Acyl-CoA binding protein (ACBP) is a ubiquitous cytosolic protein found in high levels in tumorigenic cells. However, the molecular basis for the elevated levels of ACBP in malignant cells, ligand binding characteristics, and function in microsomal phospholipid synthesis have not been resolved. To address whether tumorigenic ACBP differs from the native protein, ACBP was purified from LM cells, a tumorigenic subline of mouse L-929 fibroblasts, and its primary structure was examined by delayed-extraction MALDI-linear TOF mass spectrometry. Proteolytic digestion and peptide sequence analysis confirmed that ACBP from LM cells was identical to native mouse ACBP (based on cDNA-derived amino acid sequence) with no amino acid substitutions, deletions, or posttranslational modifications. A fluorescent binding assay revealed that mouse ACBP bound cis-parinaroyl-CoA with high affinity, Kd 7.6 +/- 2.3 nM, at a single binding site. Furthermore, mouse ACBP enhanced microsomal phosphatidic acid formation from oleoyl-CoA 2.3-fold.
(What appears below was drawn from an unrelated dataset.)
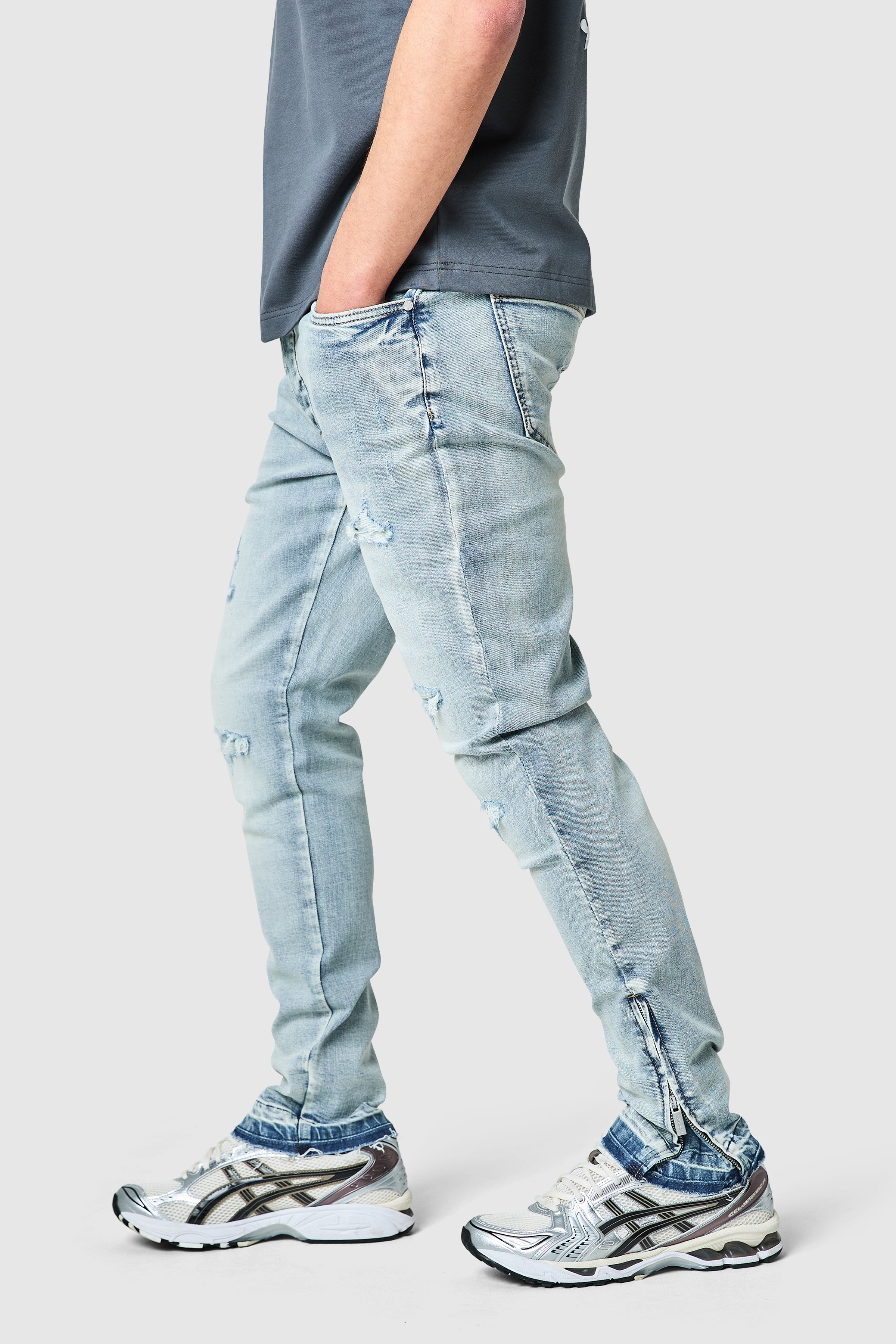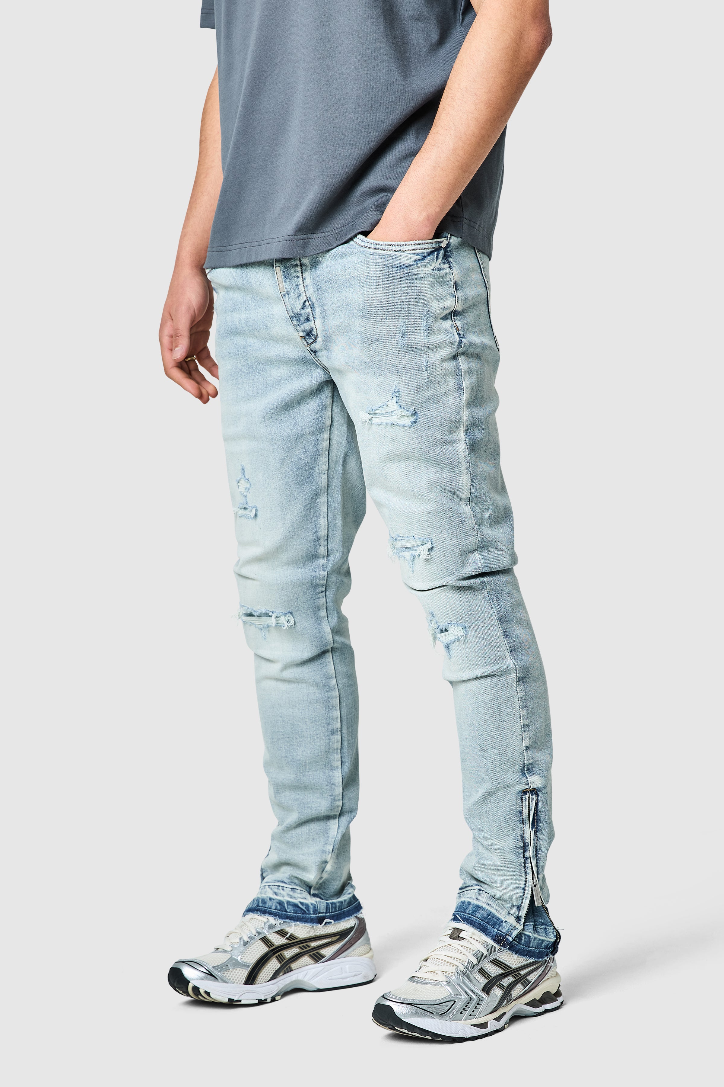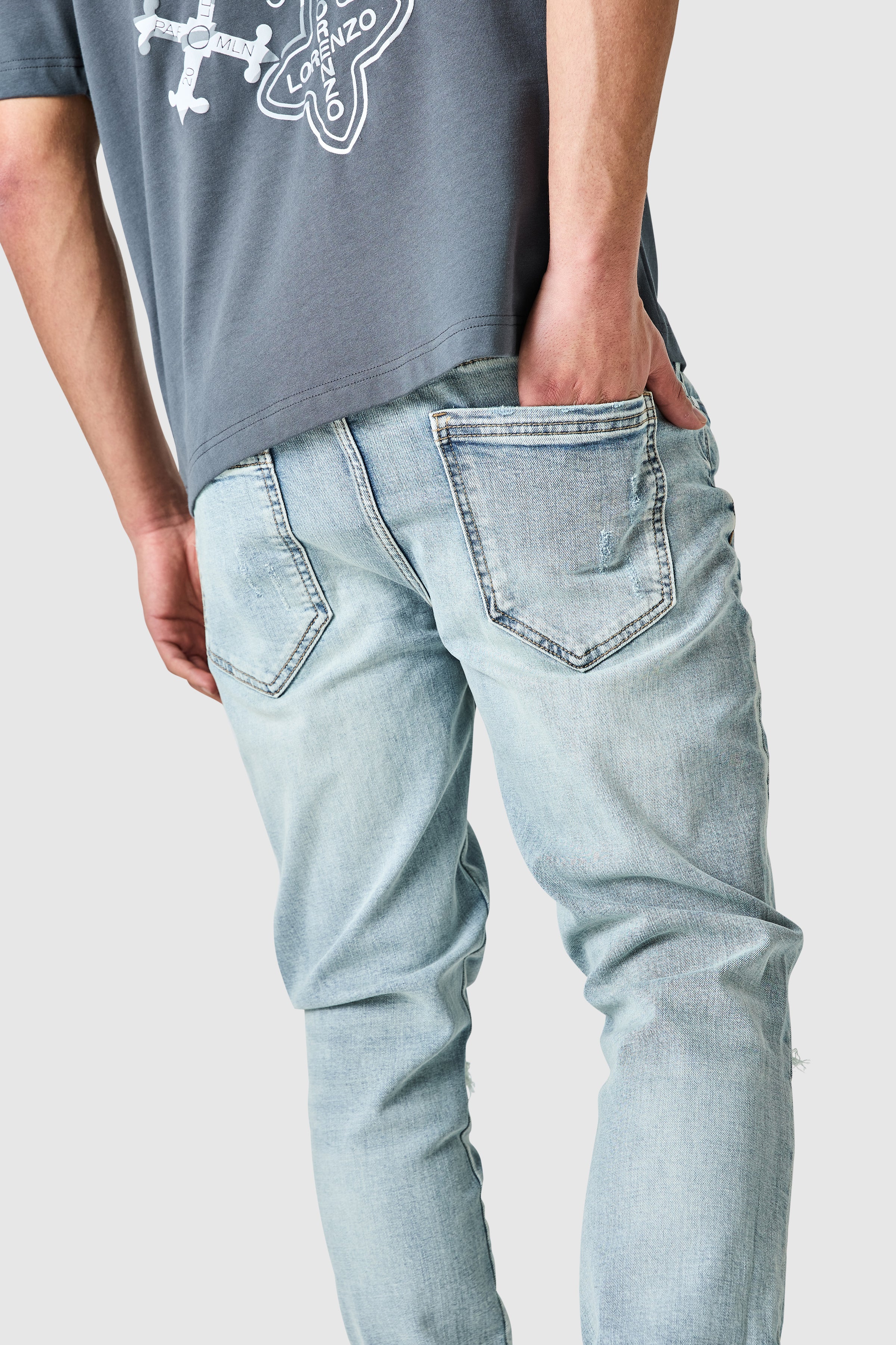 A contemporary slim jean designed for comfort and versatility. The Enzo Jean in Light Blue is crafted from a stretch denim base for ease of movement, offering a streamlined silhouette with natural stacking at the ankle. The light wash adds a more relaxed, everyday feel, while subtle details keep the look clean and modern.

Mouse ACBP also inhibited microsomal phospholipid acyl chain remodeling of choline-containing phospholipids, phosphatidylcholine and sphingomyelin, by 50 and 64%, respectively. These effects were specific compared to those of native rat liver or recombinant rat ACBP. Mouse and rat ACBPs differed by three amino acid substitutions at positions 4, 68, and 78. Although these small differences in amino acid sequence did not alter binding affinity for cis-parinaroyl-CoA, rat liver ACBP stimulated utilization of oleoyl-CoA 3.8-fold by microsomal glycerol-3-phosphate acyltransferase, significantly higher than that observed with mouse ACBP, but did not alter microsomal phospholipid acyl chain remodeling from oleoyl-CoA. In addition, these ACBPs protected oleoyl-CoA against hydrolysis. Finally, both mouse and rat ACBP shifted the incorporation of oleoyl-CoA from microsomal phospholipid acyl chain remodeling to phosphatidic acid biosynthesis. These data for the first time show a role for ACBP in stimulating microsomal phosphatidic acid biosynthesis and acyl chain remodeling in vitro. While ACBP from tumorigenic cells did not differ from normal, ACBPs from different murine species displayed subtle differences in their effects on microsomal phospholipid metabolism in vitro.
酰基辅酶A结合蛋白(ACBP)是一种普遍存在的胞质蛋白,在致瘤细胞中含量很高。然而,恶性细胞中ACBP水平升高的分子基础、配体结合特性以及在微粒体磷脂合成中的功能尚未明确。为了研究致瘤性ACBP是否与天然蛋白不同,从LM细胞(小鼠L-929成纤维细胞的一个致瘤亚系)中纯化了ACBP,并通过延迟提取基质辅助激光解吸电离线性飞行时间质谱法检测其一级结构。蛋白水解消化和肽序列分析证实,LM细胞中的ACBP与天然小鼠ACBP(基于cDNA推导的氨基酸序列)相同,没有氨基酸替换、缺失或翻译后修饰。荧光结合试验表明,小鼠ACBP在单个结合位点以高亲和力(Kd 7.6±2.3 nM)结合顺式-杷荏油酰辅酶A。此外,小鼠ACBP使油酰辅酶A生成微粒体磷脂酸的能力增强了2.3倍。小鼠ACBP还分别抑制了微粒体中含胆碱磷脂(磷脂酰胆碱和鞘磷脂)的磷脂酰基链重塑50%和64%。与天然大鼠肝脏或重组大鼠ACBP相比,这些作用具有特异性。小鼠和大鼠的ACBP在第4、68和78位有三个氨基酸替换。尽管这些氨基酸序列上的微小差异并未改变对顺式-杷荏油酰辅酶A的结合亲和力,但大鼠肝脏ACBP能使微粒体甘油-3-磷酸酰基转移酶利用油酰辅酶A的能力提高3.8倍,显著高于小鼠ACBP,但并未改变油酰辅酶A引起的微粒体磷脂酰基链重塑。此外,这些ACBP能保护油酰辅酶A不被水解。最后,小鼠和大鼠ACBP都将油酰辅酶A从微粒体磷脂酰基链重塑的掺入转移到磷脂酸生物合成中。这些数据首次表明ACBP在体外刺激微粒体磷脂酸生物合成和酰基链重塑中发挥作用。虽然致瘤细胞中的ACBP与正常细胞中的没有差异,但来自不同鼠种的ACBP在体外对微粒体磷脂代谢的影响上存在细微差异。